Top of Materials provided

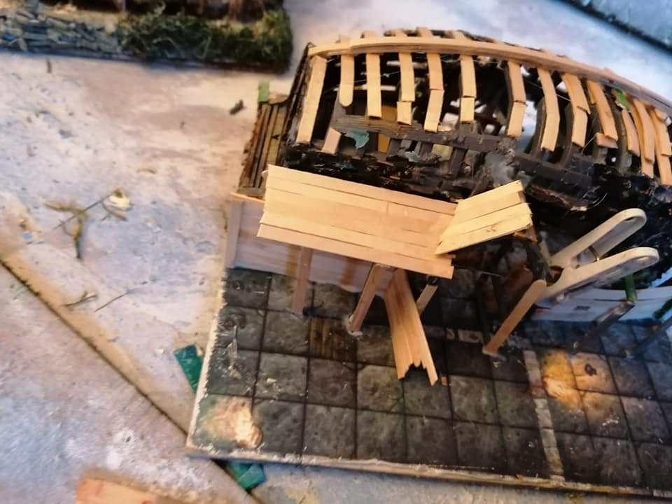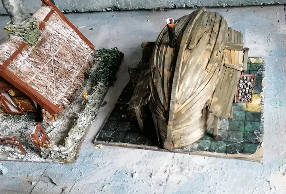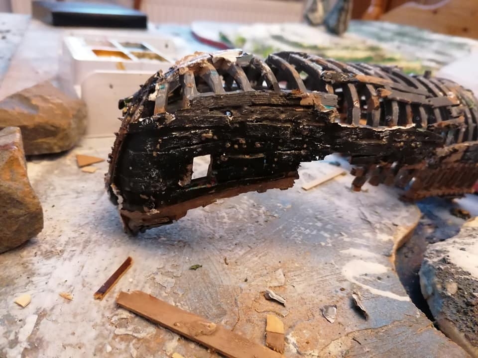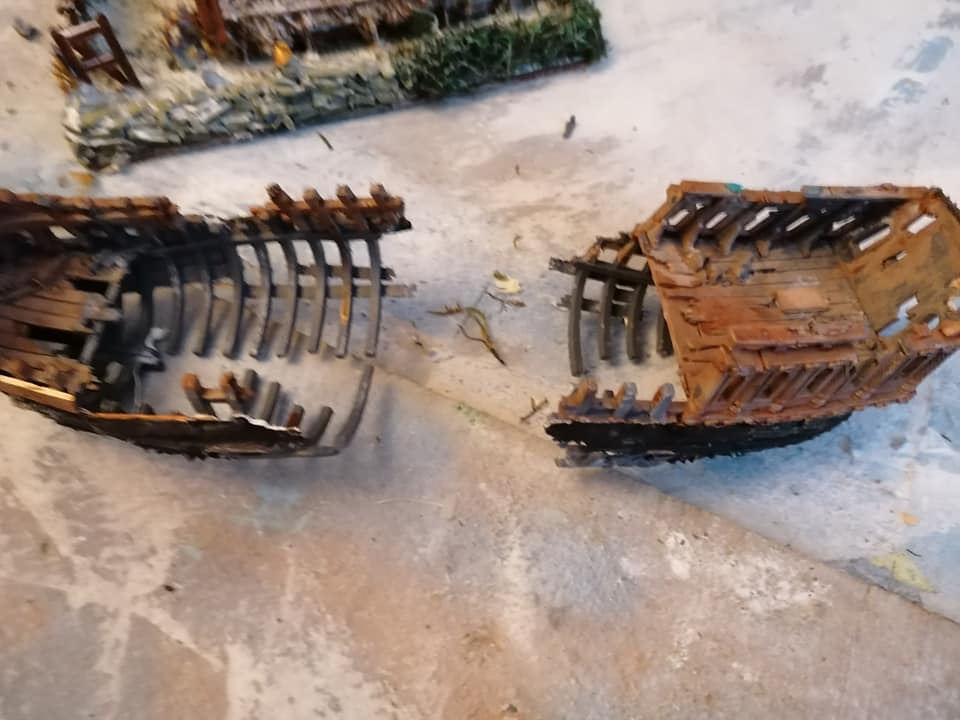My next project is to make this Gloomtide shipwreck model into a Viking longhouse similar to the one at Trellborg. first, I’ll have to rebuild the keel and the hull before building the planking to make it sort of shipshape, before flipping it over and building the walls of the house under it
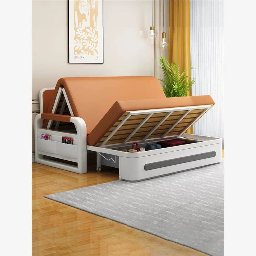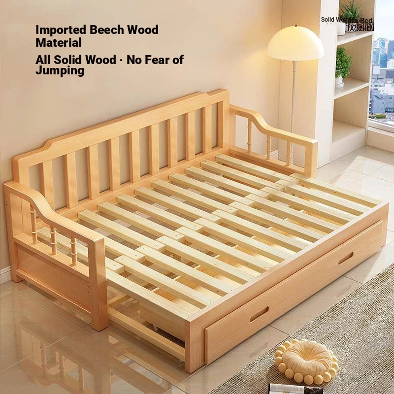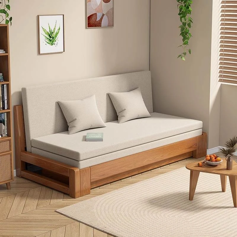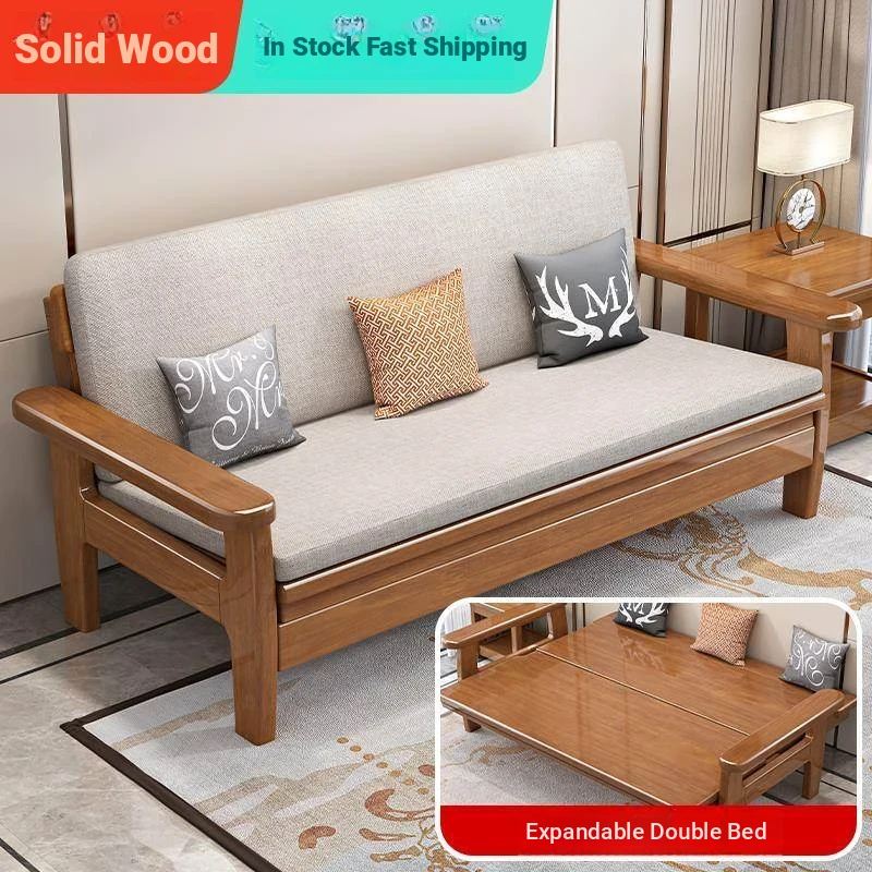 2024 New Arrival: Hong Kong Free Shipping Solid Wood Sofa Bed - Foldable Dual-Use, Space-Saving Design for Small Apartments, Versatile Double Function with Extendable Features
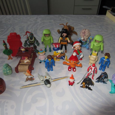 Erittäin siistikuntoiset keräilyhahmot, sekalaista merkkiä.
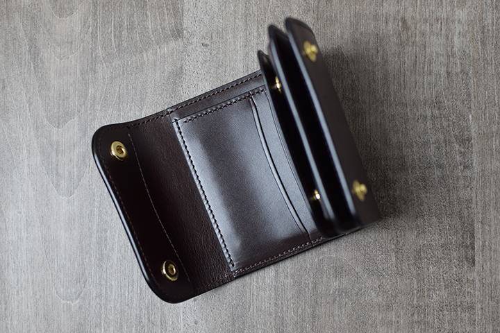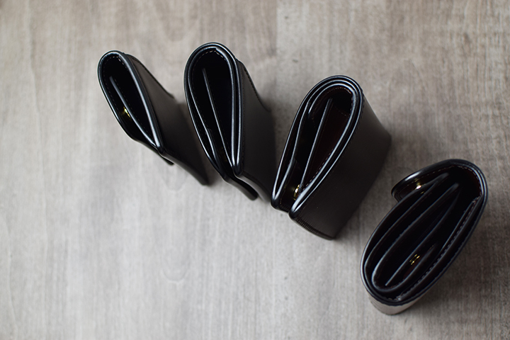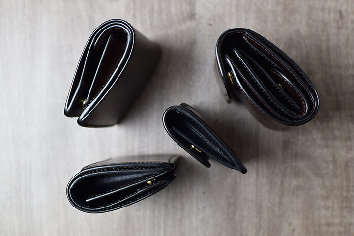 ご紹介させて頂いた上記3モデルよりもやや大きく、厚みもありますが、三つ折り財布の構造を最適化したことにより、ストレスなくお使い頂けるウォレットに仕上げています。
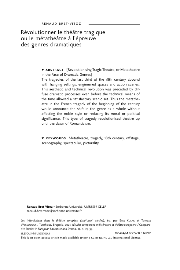 - Publication: Les (r)évolutions dans le théâtre européen (xvii e-xviii e siècles) , pp 29-39
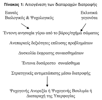 Oι ψυχολογικοί παράγοντες σχετίζονται με προηγούμενες εμπειρίες ζωής, σχέση του ατόμου με το φαγητό, αντιλήψεις του ατόμου για τον εαυτό του και το ιδεώδες σώμα καθώς και με παράγοντες προσωπικότητας. Πιο συγκεκριμένα, το άτομο όταν έρχεται αντιμέτωπο με κάποια αρνητικά γεγονότα ζωής (εκλυτικά αίτια), επειδή α) έχει δυσλειτουργικές αντιλήψεις για τον εαυτό του, β) διαθέτει ανεπαρκείς δεξιότητες επίλυσης προβλημάτων, γ) έχει δυσκολία στην έκφραση συναισθημάτων και δ) διαθέτει συγκεκριμένες αντιλήψεις και γνωσιακά σχήματα σε σχέση με το βάρος και το σχήμα του σώματος, καθώς και την τροφή, του δημιουργείται έντονα δυσφορικό συναίσθημα το οποίο προσπαθεί μέσω της διατροφής να αντιμετωπίσει (Χαρίλα, 2004). Έτσι, οδηγείται σε κάποια διατροφική διαταραχή (Πίν. 1).
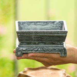 1. Giới thiệu về Chậu đá Cẩm thạch đục chạm tay nguyên khối chữ nhật chân đôn dời trồng bonsai mini, KT: 12.5×8.5×6.5 (CH20)
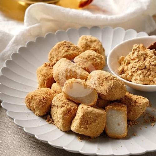 1 porsi warabi mochi yang sangat kenyal, lembut, dan khas harumnya, berisi 15 bites mochi premium yang ditaburi dengan kinako atau bubuk kedelai panggang home made dan fresh. Sangat nikmat dimakan dengan saus gula aren
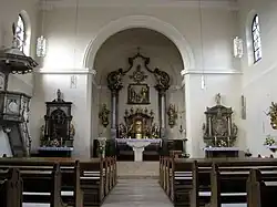 Ein Teil der Kirchenausstattung ist älter als das Bauwerk. Der Hochaltar stammt aus der zweiten Hälfte des 18. Jahrhunderts. Auf seinem Altarretabel ist die Heilige Familie dargestellt. Der rechte Seitenaltar enthält ein Relief der Ölberggruppe, geschaffen von Zacharias Juncker dem Älteren. Es stammt aus der Krypta des Würzburger Doms. Die Orgel mit 15 Registern, verteilt auf zwei Manualen und Pedal wurde 1933 als Opus 472 von Willibald Siemann erbaut. Dabei wurde das historische Gehäuse mit einem schmucklosen Anbau an der Rückseite erweitert, um die raumgreifenden Kegelladen unterzubringen.[1]
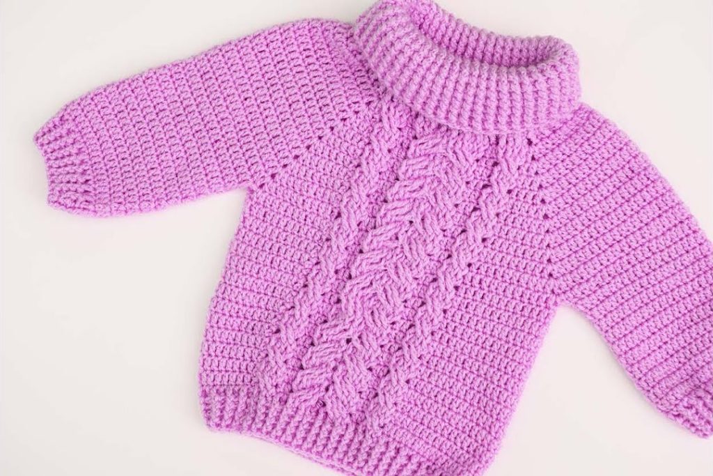 Wrap your little one in cozy luxury with this gorgeous Royal Orchid Crochet Cable Sweater! Featuring a prominent center cable panel that mimics classic knitwear and a wonderfully plush cowl neck, this garment is a timeless piece. The main body stitch (half double crochet) provides dense warmth, making this the perfect choice for the cooler seasons.
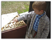 Od pierwszego kwietniowego przeglądu podejmuję zabiegi mające na celu niedopuszczenie do dalszego rozwoju warrozy. Wszystkie korpusy z przezimowanymi rodzinami obracam o 180 stopni. Z każdej rodziny zabieram po dwie ramki, z których pszczoły przez zimę wybrały pokarm. W ich miejsce, obok czerwia, zawieszam zmagazynowane wcześniej plastry z zapasem. Na tym kończą się moje czynności przy pszczołach tego dnia.
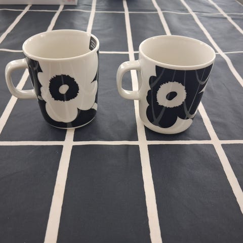 Marimekon korvattomat unikko mukit paketissa.
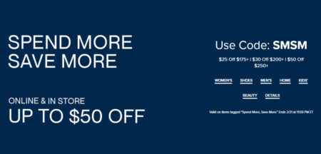 Save up to $50 off when you use code SMSM at checkout:
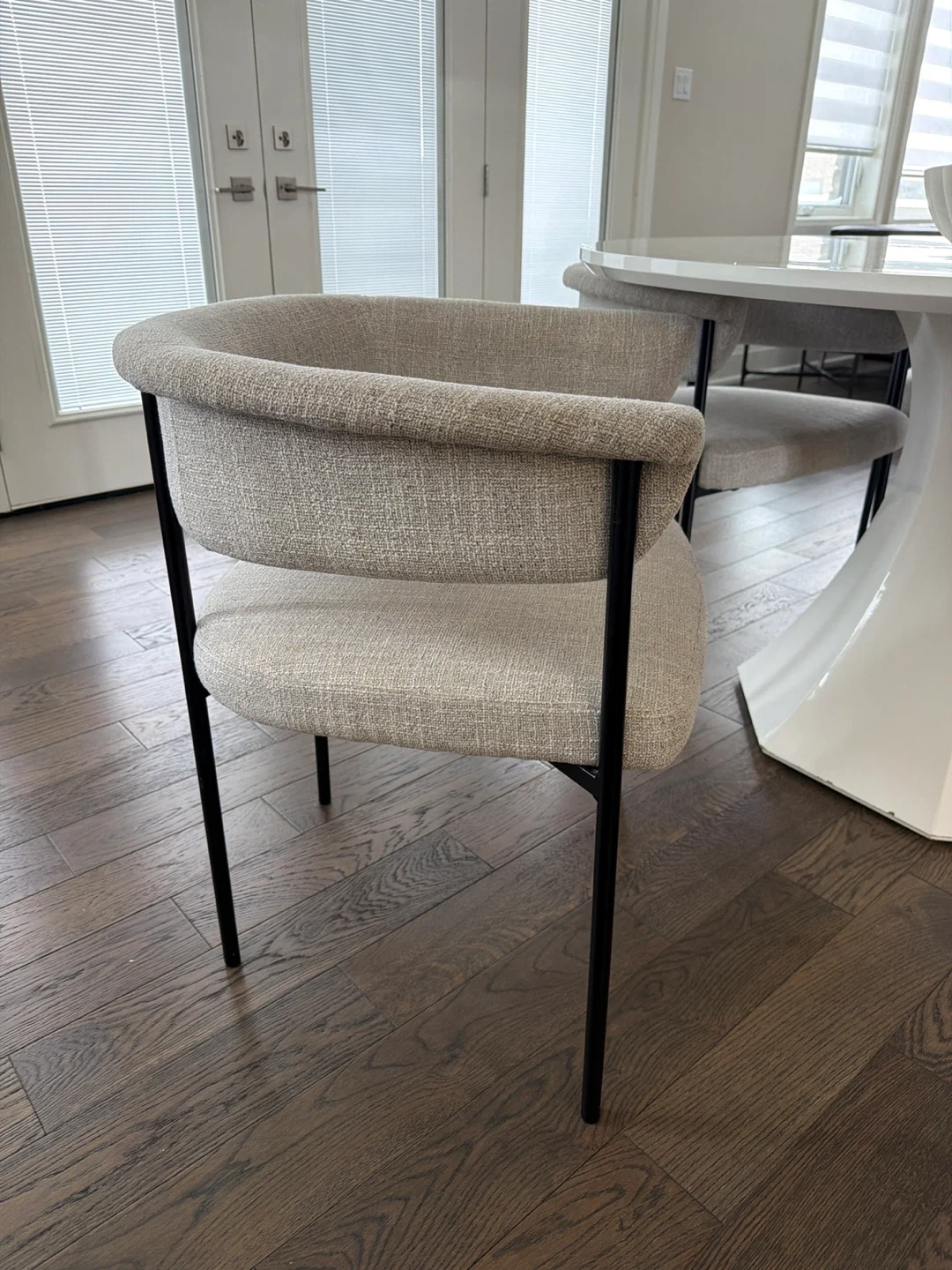 Selling a modern dining chair in great condition! The chair features a stylish grey fabric seat and back, complemented by sleek black legs. It's a comfortable and chic addition to any dining space. Perfect for adding a touch of elegance to your home! 6 in total

Bottom of Materials provided

Please reproduce every record exactly as written, excluding the pictures.

• _Reply to the task_:
My next project is to make this Gloomtide shipwreck model into a Viking longhouse similar to the one at Trellborg. first, I’ll have to rebuild the keel and the hull before building the planking to make it sort of shipshape, before flipping it over and building the walls of the house under it
 2024 New Arrival: Hong Kong Free Shipping Solid Wood Sofa Bed - Foldable Dual-Use, Space-Saving Design for Small Apartments, Versatile Double Function with Extendable Features
 Erittäin siistikuntoiset keräilyhahmot, sekalaista merkkiä.
 ご紹介させて頂いた上記3モデルよりもやや大きく、厚みもありますが、三つ折り財布の構造を最適化したことにより、ストレスなくお使い頂けるウォレットに仕上げています。
 - Publication: Les (r)évolutions dans le théâtre européen (xvii e-xviii e siècles) , pp 29-39
 Oι ψυχολογικοί παράγοντες σχετίζονται με προηγούμενες εμπειρίες ζωής, σχέση του ατόμου με το φαγητό, αντιλήψεις του ατόμου για τον εαυτό του και το ιδεώδες σώμα καθώς και με παράγοντες προσωπικότητας. Πιο συγκεκριμένα, το άτομο όταν έρχεται αντιμέτωπο με κάποια αρνητικά γεγονότα ζωής (εκλυτικά αίτια), επειδή α) έχει δυσλειτουργικές αντιλήψεις για τον εαυτό του, β) διαθέτει ανεπαρκείς δεξιότητες επίλυσης προβλημάτων, γ) έχει δυσκολία στην έκφραση συναισθημάτων και δ) διαθέτει συγκεκριμένες αντιλήψεις και γνωσιακά σχήματα σε σχέση με το βάρος και το σχήμα του σώματος, καθώς και την τροφή, του δημιουργείται έντονα δυσφορικό συναίσθημα το οποίο προσπαθεί μέσω της διατροφής να αντιμετωπίσει (Χαρίλα, 2004). Έτσι, οδηγείται σε κάποια διατροφική διαταραχή (Πίν. 1).
 1. Giới thiệu về Chậu đá Cẩm thạch đục chạm tay nguyên khối chữ nhật chân đôn dời trồng bonsai mini, KT: 12.5×8.5×6.5 (CH20)
 1 porsi warabi mochi yang sangat kenyal, lembut, dan khas harumnya, berisi 15 bites mochi premium yang ditaburi dengan kinako atau bubuk kedelai panggang home made dan fresh. Sangat nikmat dimakan dengan saus gula aren
 Ein Teil der Kirchenausstattung ist älter als das Bauwerk. Der Hochaltar stammt aus der zweiten Hälfte des 18. Jahrhunderts. Auf seinem Altarretabel ist die Heilige Familie dargestellt. Der rechte Seitenaltar enthält ein Relief der Ölberggruppe, geschaffen von Zacharias Juncker dem Älteren. Es stammt aus der Krypta des Würzburger Doms. Die Orgel mit 15 Registern, verteilt auf zwei Manualen und Pedal wurde 1933 als Opus 472 von Willibald Siemann erbaut. Dabei wurde das historische Gehäuse mit einem schmucklosen Anbau an der Rückseite erweitert, um die raumgreifenden Kegelladen unterzubringen.[1]
 Wrap your little one in cozy luxury with this gorgeous Royal Orchid Crochet Cable Sweater! Featuring a prominent center cable panel that mimics classic knitwear and a wonderfully plush cowl neck, this garment is a timeless piece. The main body stitch (half double crochet) provides dense warmth, making this the perfect choice for the cooler seasons.
 Od pierwszego kwietniowego przeglądu podejmuję zabiegi mające na celu niedopuszczenie do dalszego rozwoju warrozy. Wszystkie korpusy z przezimowanymi rodzinami obracam o 180 stopni. Z każdej rodziny zabieram po dwie ramki, z których pszczoły przez zimę wybrały pokarm. W ich miejsce, obok czerwia, zawieszam zmagazynowane wcześniej plastry z zapasem. Na tym kończą się moje czynności przy pszczołach tego dnia.
 Marimekon korvattomat unikko mukit paketissa.
 Save up to $50 off when you use code SMSM at checkout:
 Selling a modern dining chair in great condition! The chair features a stylish grey fabric seat and back, complemented by sleek black legs. It's a comfortable and chic addition to any dining space. Perfect for adding a touch of elegance to your home! 6 in total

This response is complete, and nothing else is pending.